Under her model, SpaceX enters at a $2.5 trillion valuation and Tesla at $1.6 trillion, producing a combined entity worth $4.1 trillion split evenly between both shareholder groups. That implies Tesla’s side of the deal would be valued at $2.05 trillion, a gain of roughly $450 billion from its current market cap. She cited Dow-DuPont and CBS-Viacom as historical examples of how markets reprice both companies toward the announced exchange ratio after a deal is unveiled.
What does a Merger of Equals mean to Elon’s compensation packages?
Well, it changes everything.
Enjoy https://t.co/uekCldyITw pic.twitter.com/kolq1C9qTu
— AleXandra Merz 🇺🇲 (@TeslaBoomerMama) June 1, 2026
The SpaceX S-1 amendments also revealed just how much financial infrastructure already binds the two companies together.
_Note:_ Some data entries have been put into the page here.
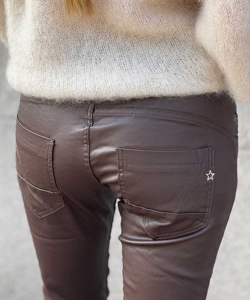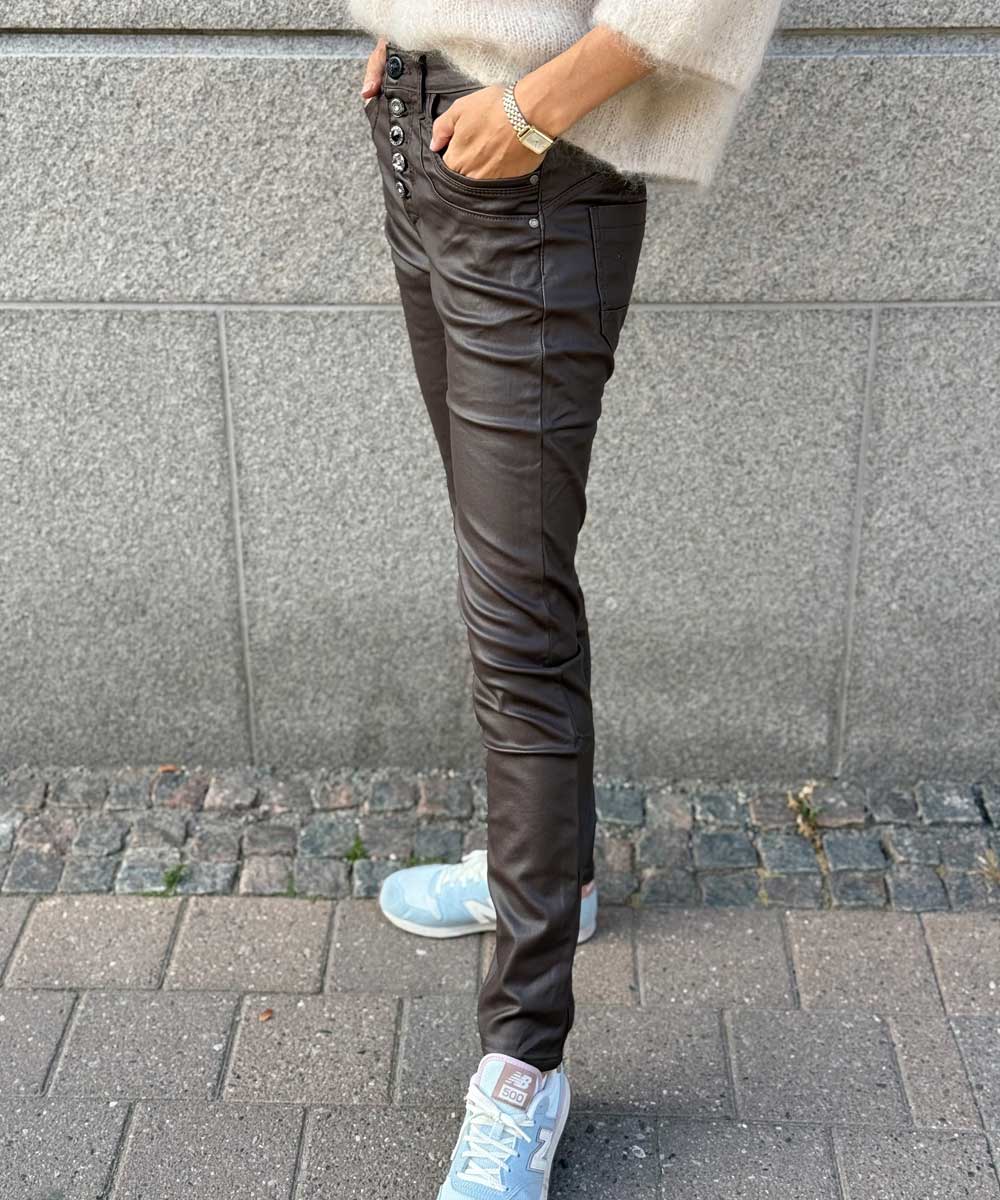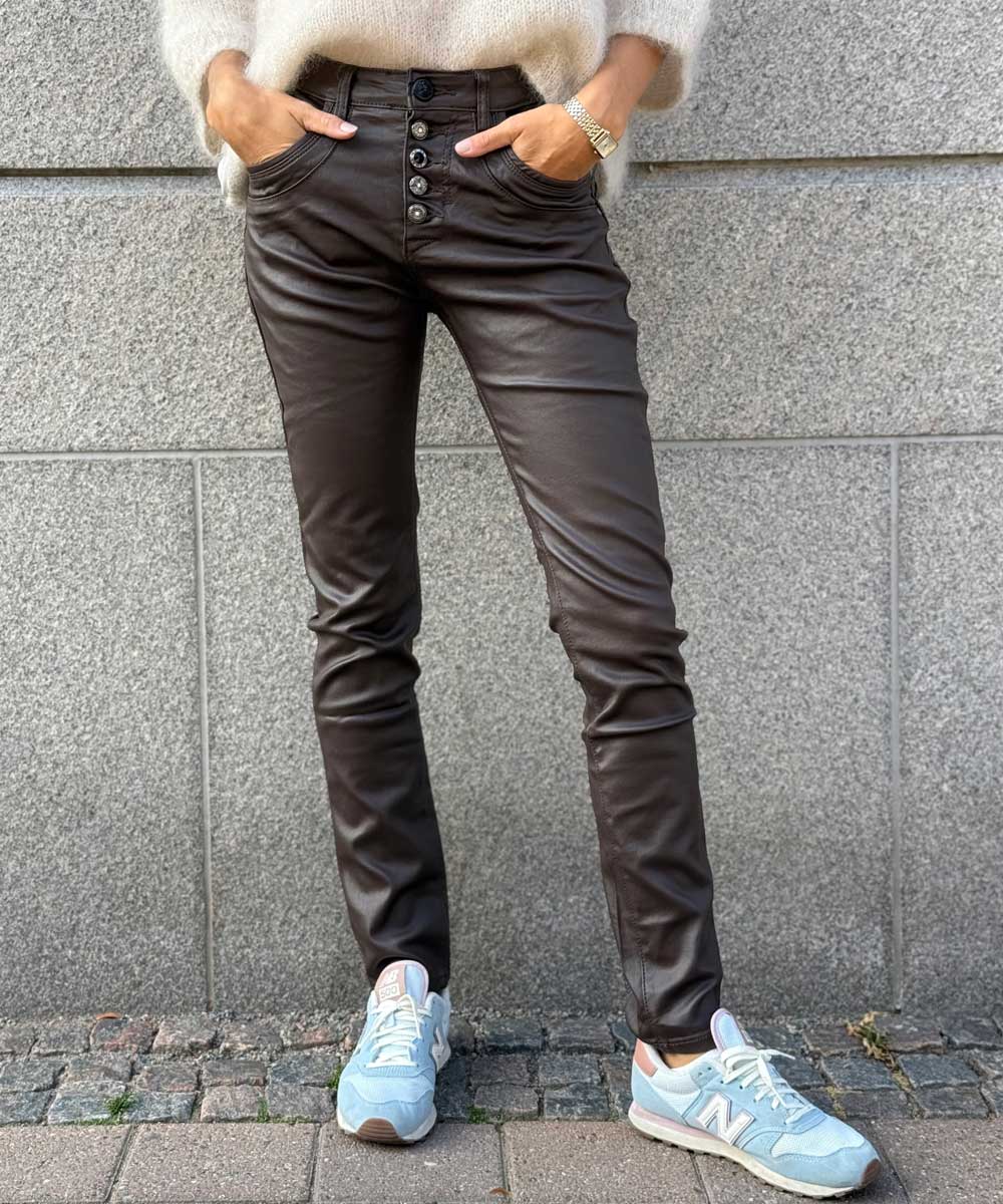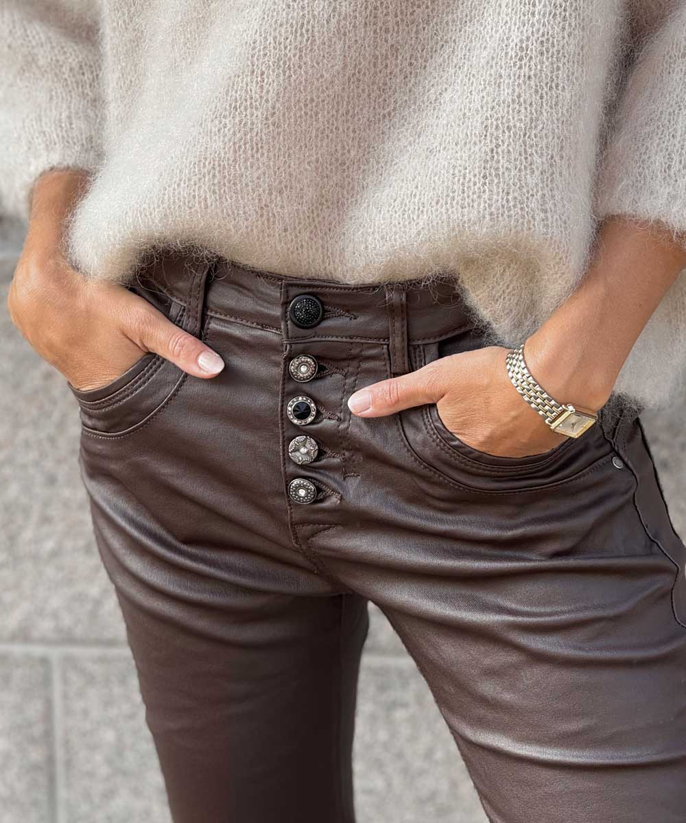 Mjuka och sköna byxor med mycket stretch från Chica London. Byxorna har rak smal passform och en cool vaxad yta samt fickor fram och bak. Knäpps med snygga glitterknappar.
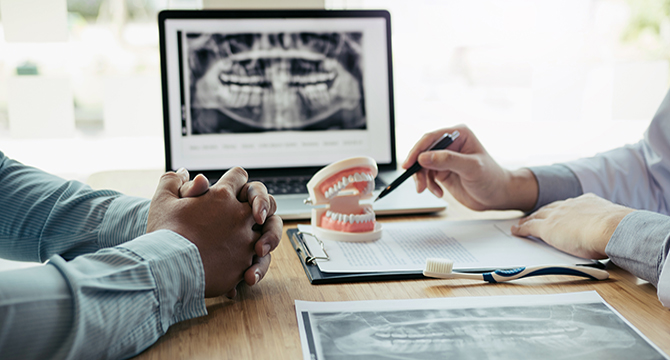 Overjet’s artificial intelligence technology transforms traditional black-and-white X-rays by adding a layer of data that instantly outlines decay (cavities) and measures bone loss. This makes it easy for you to see your results alongside your dentist. It’s like getting a second opinion delivered instantly. With Overjet’s analysis and easy-to-read presentation, you will have the information you need to make an informed decision about your oral health. Together, we’ll review your findings and discuss the best steps to take to achieve your goals.
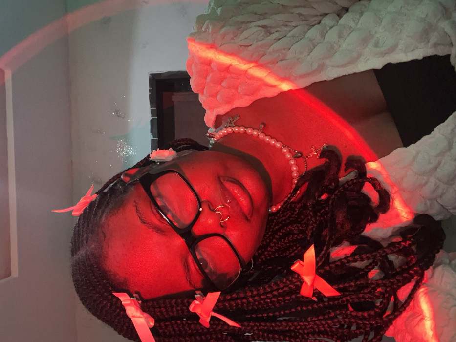 A person with dark skin, wearing glasses and a nose ring, lies on their back with their eyes closed. Braids with pink ribbons adorn their hair. They also wear a pearl necklace with cross pendants. A red light illuminates their face, and a softer light is reflected on the wall. A white, textured surface, possibly a blanket or padding, is positioned above them. The background shows a glimpse of a window or door frame.
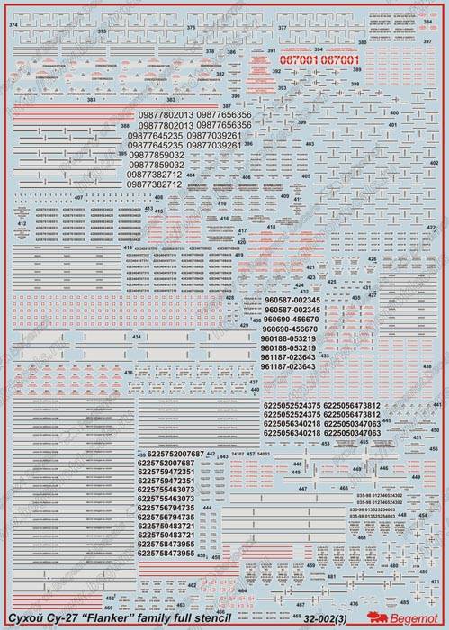 Полный набор технических надписей на один самолет типа Су-27 (ранних или поздних производственных серий) или Су-27УБ (ранних или поздних производственных серий) или Су-33 и подвесное вооружение на любой самолет семейства Су-27 (40 типов ракет "Воздух-Воздух", "Воздух-Поверхность", НАР, блоки НУРС, контейнеры наведения и дозаправки, свободнопадающие и корректируемы авиабомбы. Комплект содержит четыре листа деколи большого размера и инструкицию на 4-х листах формата А3. Комиссионный товар
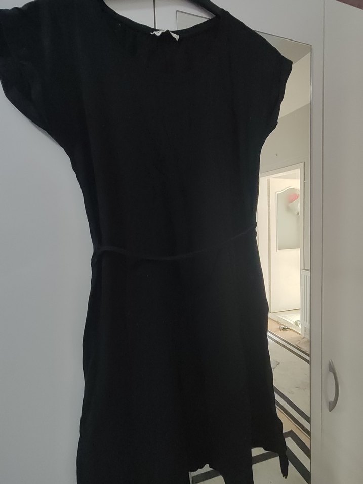 Kemerli bel, kısa kollu ve bisiklet yaka detaylı siyah elbise. sentetik kumaştan üretilmiş günlük kullanıma uygun.

As Teslarati has reported, SpaceX purchased $697 million in Tesla Megapacks, $131 million in Cybertrucks, and the two companies have shared supply chain resources, and semiconductor fabrication plans since well before any merger conversation became public. A retail poll by Tesla influencer Sawyer Merritt is finding that 36% of respondents do not plan to buy SpaceX shares at IPO and 15.3% saying their decision depends on the valuation.
Do you plan on buying @SpaceX stock at its IPO?
— Sawyer Merritt (@SawyerMerritt) June 1, 2026
Whether the merger happens or not, the amended filing is seemingly moving markets and sharpened a debate that is no longer theoretical. SpaceX is weeks away from trading publicly, and Tesla shareholders are now watching every word of every filing for clues about what Musk plans to do next.